Remember, make sure that the computer is turned off and unplugged from the socket before you begin to open it to prevent damage to the hardware and yourself. While keyboards and mice are fairly inexpensive components, it's still wise not to waste money replacing them when you could just as easily keep them in working order for much longer. Keyboards are most frequently damaged when food and other bits of debris get stuck under the keys. To reduce the risk don't eat at your desk, or put your keyboard out of reach when you do. Standard mice, with a ball built into the bottom to track movement, should be used on a clean surface such as a mouse pad. You should clean this off periodically and keep it away from food just as you would a keyboard.
In the event that liquid spills on either item, unplug it immediately and allow it to dry out fully before testing if it is still working (this will reduce the risk of a short). One of the best ways to protect the components of your system involves a little bit of an investment, but it literally can mean life or death for your hardware. Instead of plugging directly into a wall socket or normal power strip, you can use a surge protector or a universal power supply to protect your components from outages and spikes.
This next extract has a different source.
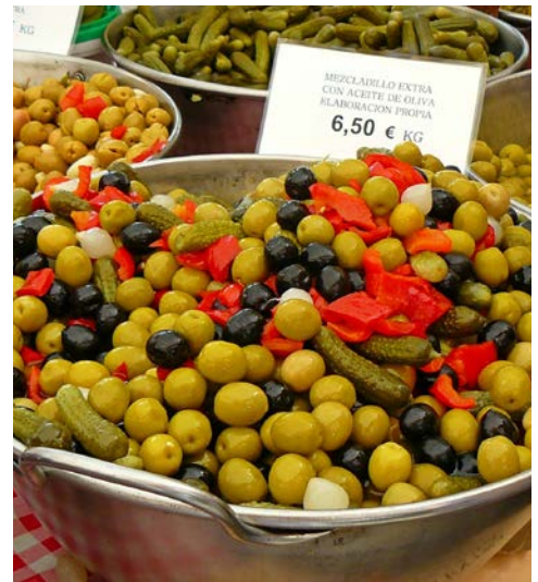
Ein Marktbesuch darf nicht fehlen
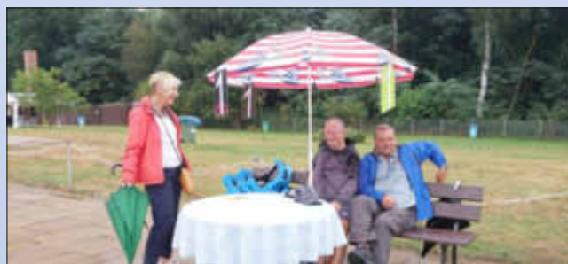
Gute Laune trotz Regenschauern

These two issues cause a stupendous amount of hardware failure and data loss every year. It's vital to purchase a universal power supply that has enough capacity to run your entire system in order to get the full benefit. It may be wise to consult with a professional about your power needs if you choose that product.
A surge protector will not provide the same protection against data loss if there is a power outage, but is less expensive and provides needed protection for your hardware from power spikes.